The Court: We're going to go through this again. You are still going to have to respond to the question. You can plead the Fifth if you like, but you have to respond. Are we clear? I need a yes or a no on that. At this point, I'm ordering you to answer my question. Do you understand, yes or no? Okay. If you're not going to cooperate, do I need to just have them take you back into the holdover cell?
[M.P.]: (Witness nods head.)

         M.P. was removed from the courtroom and the proceedings continued with Gibbs representing M.P. Before announcing a recess, the trial court addressed the admonishments in the permanency hearing order.

Ms. Dietrich: Did you want to bring [M.P.] back out to admonish her or just - admonishments are also in the order but she did not sign it.
The Court: I believe at this point with her lack of cooperation and ability to follow the Court orders that she's waived her right to be out here. The admonishments are in the court order. I'm going to rely on those at this point.
Ms. Dietrich: And I'll provide Mr. Gibbs a copy to give to her if she wants to take it back with her.
The Court: I have signed off on the order. I will note for the record that it is not agreed to as to the mother or the father and their attorneys have not signed off on it either. I have signed off on the order, though.

         At the conclusion of the hearing, the trial court signed a permanency hearing order that set the case for trial on December 3, 2018 at 9 a.m. A copy of the June 7, 2018 permanency hearing order was provided to M.P.
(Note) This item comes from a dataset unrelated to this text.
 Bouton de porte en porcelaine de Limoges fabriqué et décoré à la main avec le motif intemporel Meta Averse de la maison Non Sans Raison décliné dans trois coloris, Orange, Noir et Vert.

         At a hearing on August 3, 2018, M.P. told the trial court she did not want Gibbs to represent her, and that she wished to proceed pro se. On September 20, 2018, the trial court appointed Michael Curran to represent M.P.

         M.P. attended the September 24, 2018 permanency hearing, and she was represented by Curran at the hearing. Dietrich appeared as attorney for the Department. Cason appeared as attorney ad litem for C.P. Brent Debnam and Michael Debnam appeared as attorneys for intervenor S.D., M.P.'s mother.[4] At the September 24 permanency hearing, the trial court and the parties confirmed the trial date was December 3, 2018 while M.P. and her counsel were present in the courtroom. At the conclusion of the hearing, the trial court signed the permanency hearing order in the presence of the parties. The September 24, 2018 permanency hearing order stated that the case was set for trial on December 3, 2018 at 9 a.m. A copy of the September 24 permanency hearing order was provided to M.P.
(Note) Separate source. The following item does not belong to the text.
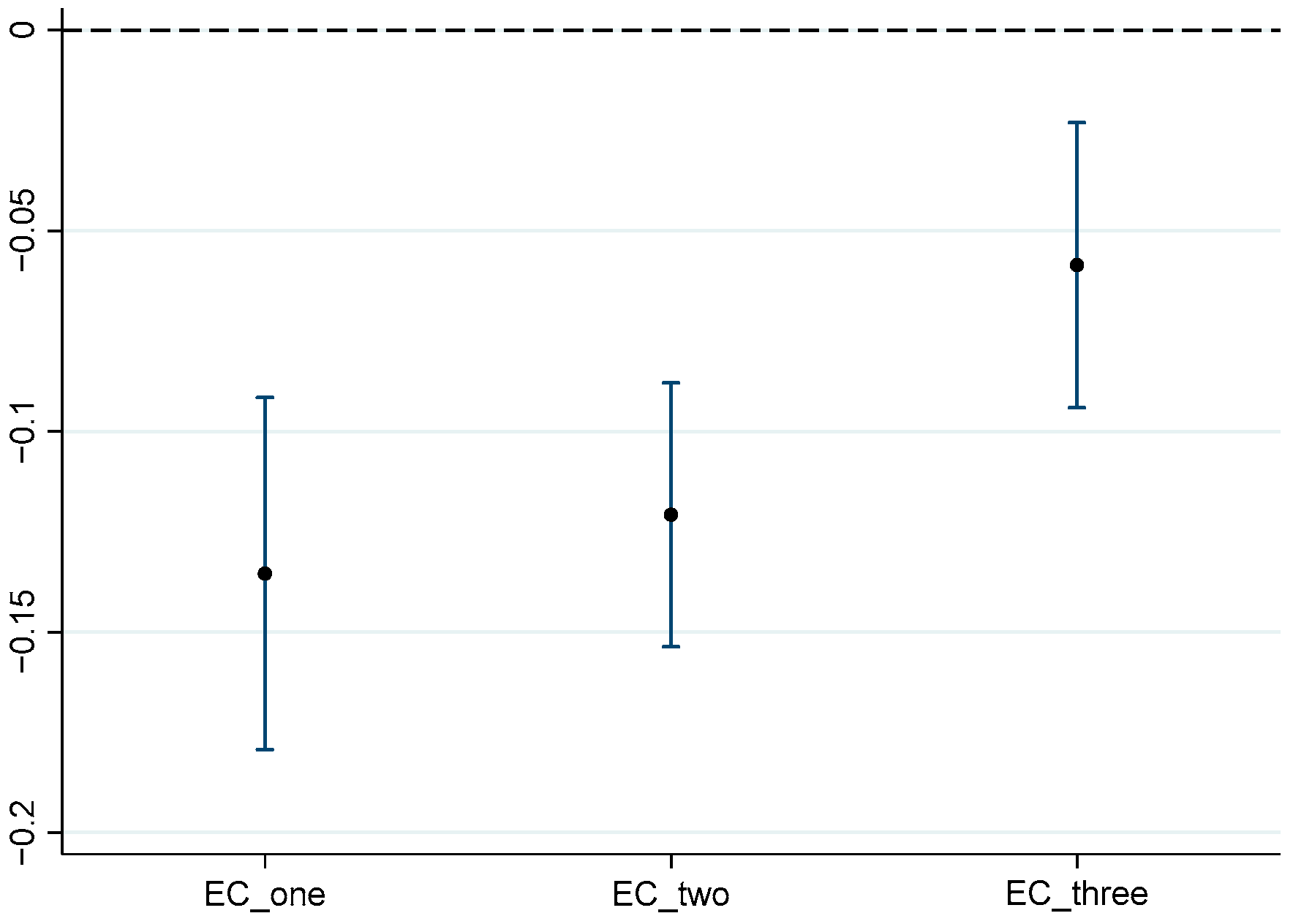 | EC | −0.091 *** (−4.28) | −0.063 ** (−1.96) | −0.009 (−0.21) | −0.047 (−1.29) |

         Curran's Motions for Withdrawal of Counsel Provided the Trial Date

         M.P. was incarcerated from approximately April 10 to October 31, 2018. Record evidence shows that M.P. was charged with and pled guilty to the felony offenses of abandoning or endangering a child, attempted kidnapping, forgery of a financial instrument, and attempted evading arrest or detention with a vehicle.

         On October 22, 2018, Curran filed a motion for withdrawal of counsel at M.P.'s request. Curran's motion provided the date of the trial, stating, "Trial Before the Court is set on 12/3/18 @ 9:00 a.m." On the same day, Curran filed an amended motion for withdrawal of counsel, which also stated the date of the trial was December 3, 2018 at 9 a.m. Curran's motion for withdrawal and amended motion for withdrawal declared that copies of the motions would be faxed to M.P. at the Collin County jail. On October 23, 2018, the trial court set the hearing on Curran's motion for withdrawal for November 16, 2018 at 9 a.m.
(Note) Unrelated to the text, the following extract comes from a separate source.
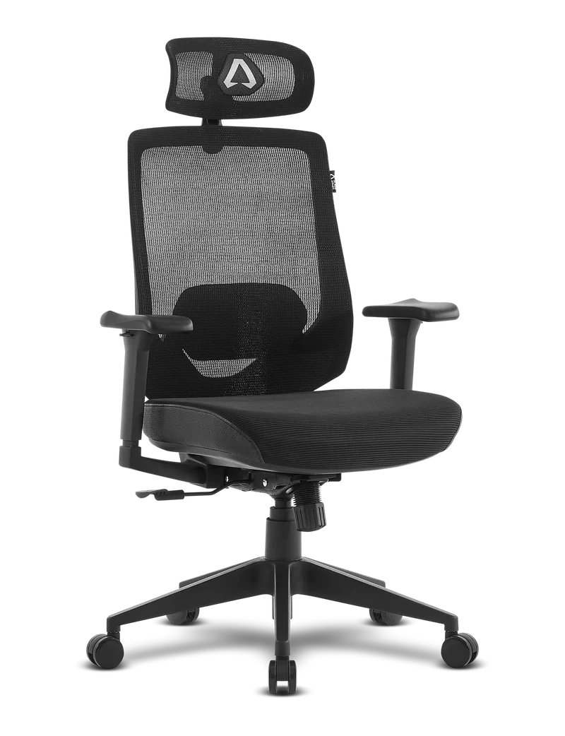 Cadeira de escritório preta com encosto de malha e apoio de cabeça

         The docket sheet reflects that M.P. filed a response to Curran's motion for withdrawal of counsel on October 29, 2018. On the same day, the trial court signed an "Amended Order Setting Hearing Date," re-scheduling the hearing on Curran's motion for withdrawal for November 1, 2018 at 4:30 p.m. (Amended Order). The Amended Order, however, erroneously stated, "the hearing on the Final Trial is set for 4:30 p.m. on the 1st day of November, 2018." The trial court's docket sheet correctly reflected that the November 1, 2018 hearing was a hearing on Curran's "Motion for Withdrawal of Counsel (4:30 PM)." On the morning of October 30, 2018, Curran notified M.P. of the November 1 hearing on his motion for withdrawal by facsimile to the Collin County jail. The fax coversheet stated,

[M.P.], attached is the Motion to Withdraw that was filed last week. There is a signature line on page 3 for you to sign and bring with you to court on Thursday, 11/1/18 @ 4:30 p.m., when the Motion to Withdraw hearing will be held.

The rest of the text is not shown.